Based on the findings in this study, we can derive implications for university practices. Students usually need to read multiple documents to study for an exam, give a presentation, or write a term paper. Fostering students’ MDC skill should be a part of university practices because research shows that many students have problems processing multiple texts (Britt and Rouet 2012). The results of this study indicated that students perceive MDC as a relevant and useful skill for their studies and state a willingness to improve it. However, although they had the opportunity to improve their MDC skill, students rarely did take advantage of the offer. As an implication for university practices, teachers and student advisors might draw attention to this important skill and address it in their courses. University teachers could try to enhance the intrinsic motivation of the students to foster MDC, for example, by implementing the self-study material as part of their courses, making the MDC skill relevant for the study progress of their students. Another possibility to address this issue might be to implement the self-assessment in the academic curriculum, introductory courses or courses for scientific work.

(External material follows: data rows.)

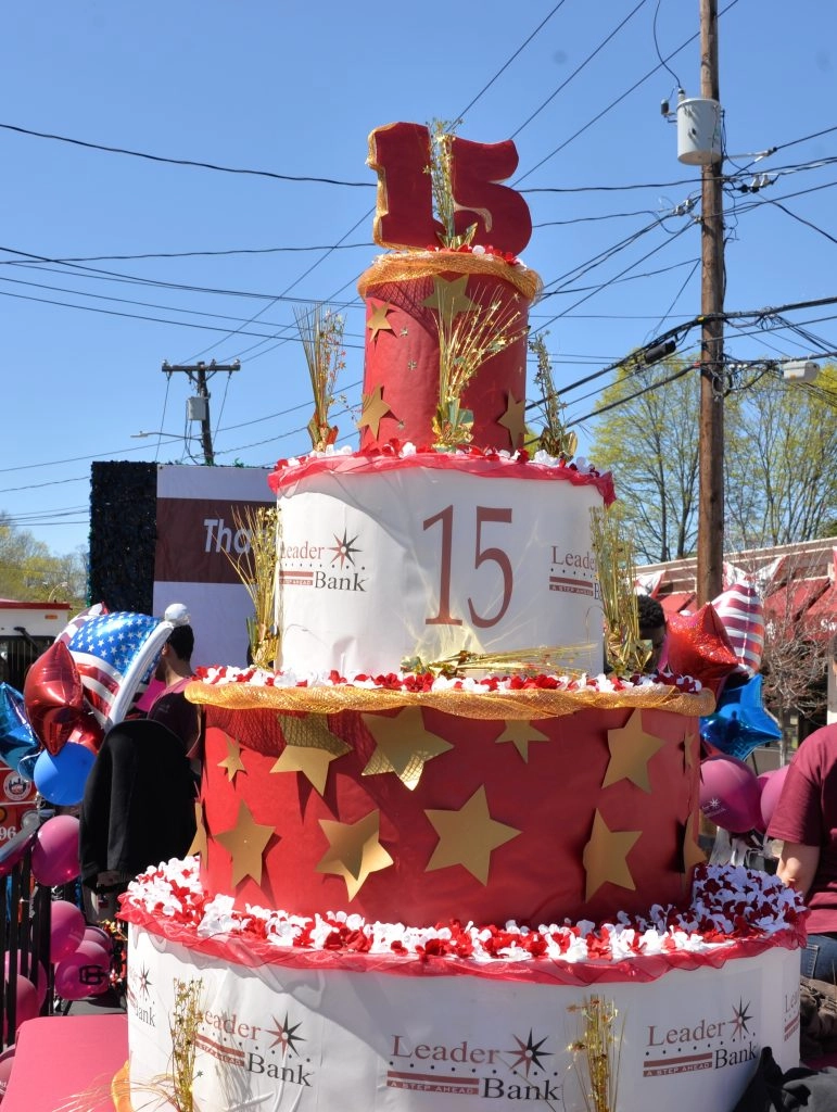 Leader Bank in Arlington, MA used four EPS (expanded polystyrene) cylinders of different sizes to create this giant foam cake for their parade float celebrating 15 years in business. All of the cylinders were 15” tall and ranged from 12” to 4 foot in diameter. They then wrapped the cylinders in decorative paper and finished the cake off with flowers, sparklers and a large number 15 on top.
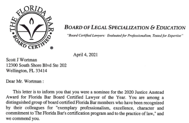 Congratulations to Scott J. Wortman, Esq., for his recent nomination for 2020 Justic Anstead Award for Florida Bar Board Certified Lawyer of the Year.
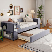 Twin Upholstered Bed With Storage And Twin Trundle, USB Charging Ports - Gray
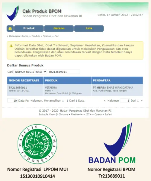VITASMA TELAH TERUJI BPOM & HALAL MUI
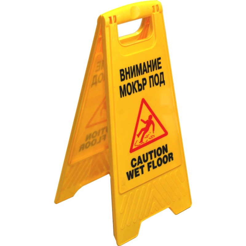Free standing plastic sign “Caution Wet Floor” English and Bulgarian
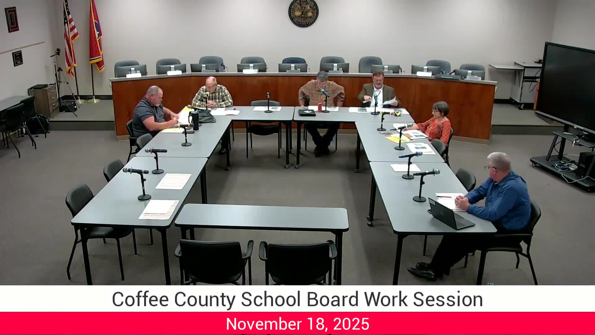 The Coffee County Schools board reviewed a draft five-year strategic plan covering student outcomes, staff, supports, stakeholders and safety, tied to the LEA/TISA process; the board will consider approval at its December meeting and asked staff for a public safety spending breakdown.
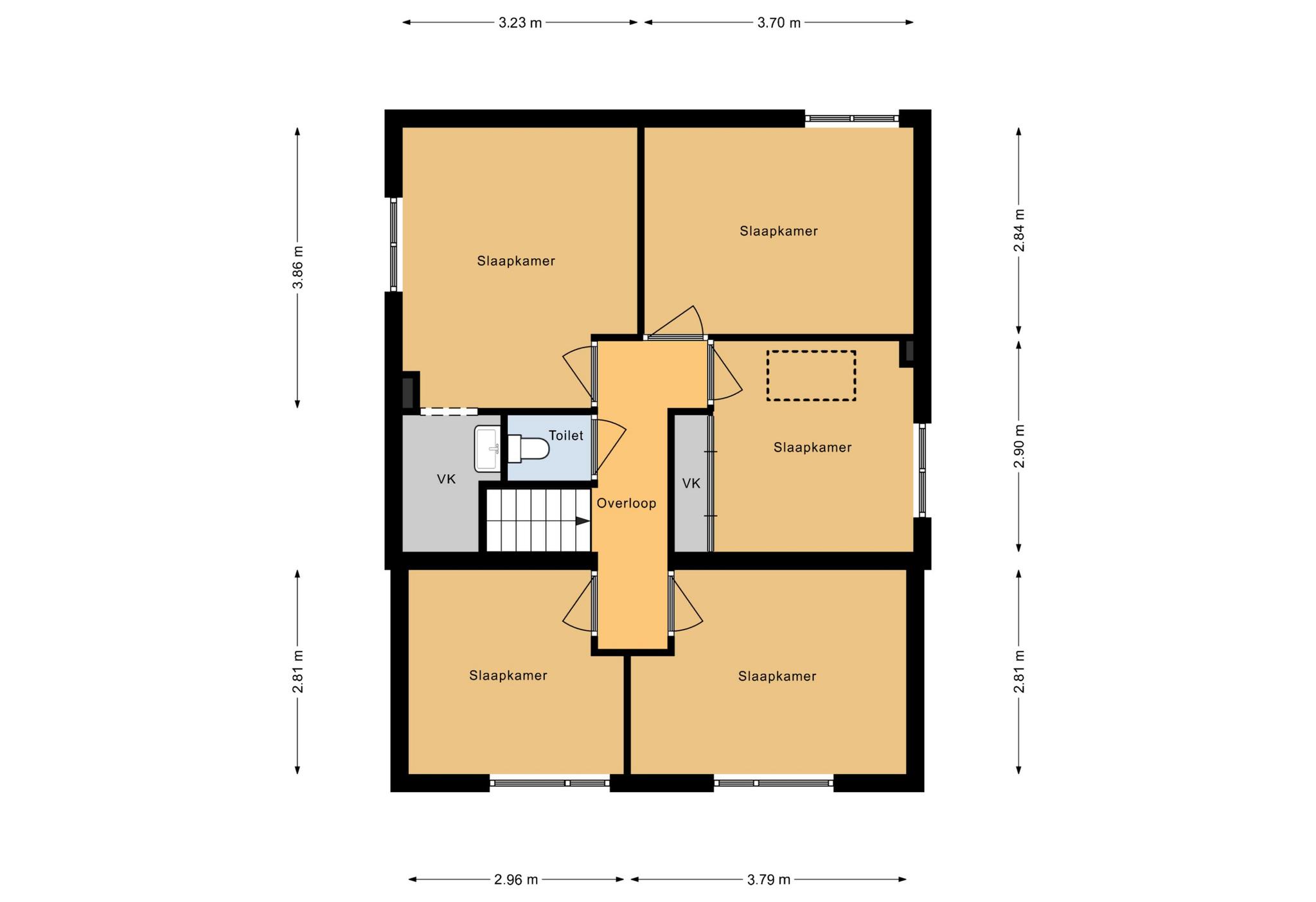 Via de trapopgang bereikt u de overloop met links drie slaapkamers (waarvan één in gebruik als kantoor) en een separaat toilet. Aan de rechterzijde bevinden zich nog twee slaapkamers in de opbouw.
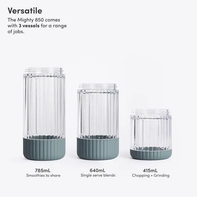 WHAT'S INCLUDED: 850W Blender Base, Beast Mighty Blade, Blade Cleaning Brush, 3 Blending Vessels (26oz, 22oz, 14oz), 2 Storage Lids, Drinking Lid, Carry Cap, Straw Cap, 2 Straws, Straw Cleaning Brush
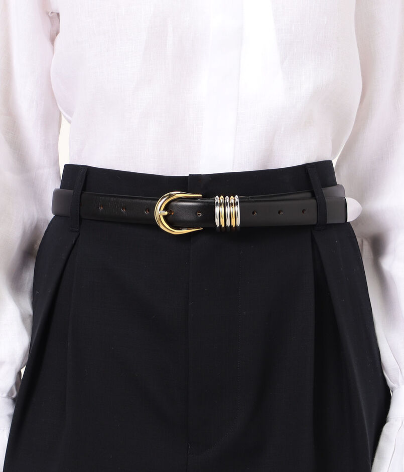 〈Dehanche〉を象徴する、リングの装飾が目を惹くシグネチャースタイルのベルト。
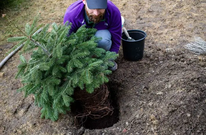 Profitez d’une journée sans gel et sans pluie pour planter votre arbre de Noël. Commencez par creuser un trou trois fois plus volumineux que la motte de terre de votre arbre. Ameublissez la terre au fond du trou de plantation. Si le sol de votre terrain est argileux, vous pouvez incorporer du sable dans votre terre de jardin pour améliorer le drainage.

In this regard, the self-assessment provides an offer for students to improve their MDC skill and it should be examined where and how the MDC assessment can be implemented.

7 Conclusion

Our findings highlight that the perceived value of MDC partially predicted the motivation to improve MDC. Especially utility value of MDC was of great importance for the motivation to improve MDC. However, analyses regarding the use of the self-study material as a digital learning tool revealed almost no significant results. Our findings point out that the self-study material was not accessed or used intensively. Possible reasons might be a lack of self-regulated learning strategies or missing extrinsic incentives. Nevertheless, students seemed to recognize the importance of MDC because they are probably confronted with multiple texts from several sources in their studies. However, future research should address the following questions: How do students recognize the importance to actively foster MDC? Why did students not use the self-study material? How do we engage students more in using self-study material? Do they need more extrinsic incentives to use self-study material? Moreover, it should be explored whether the use of the self-study material leads to better performance and more strategy use. Nevertheless, it is necessary to provide students with learning opportunities, such as self-study material for further development.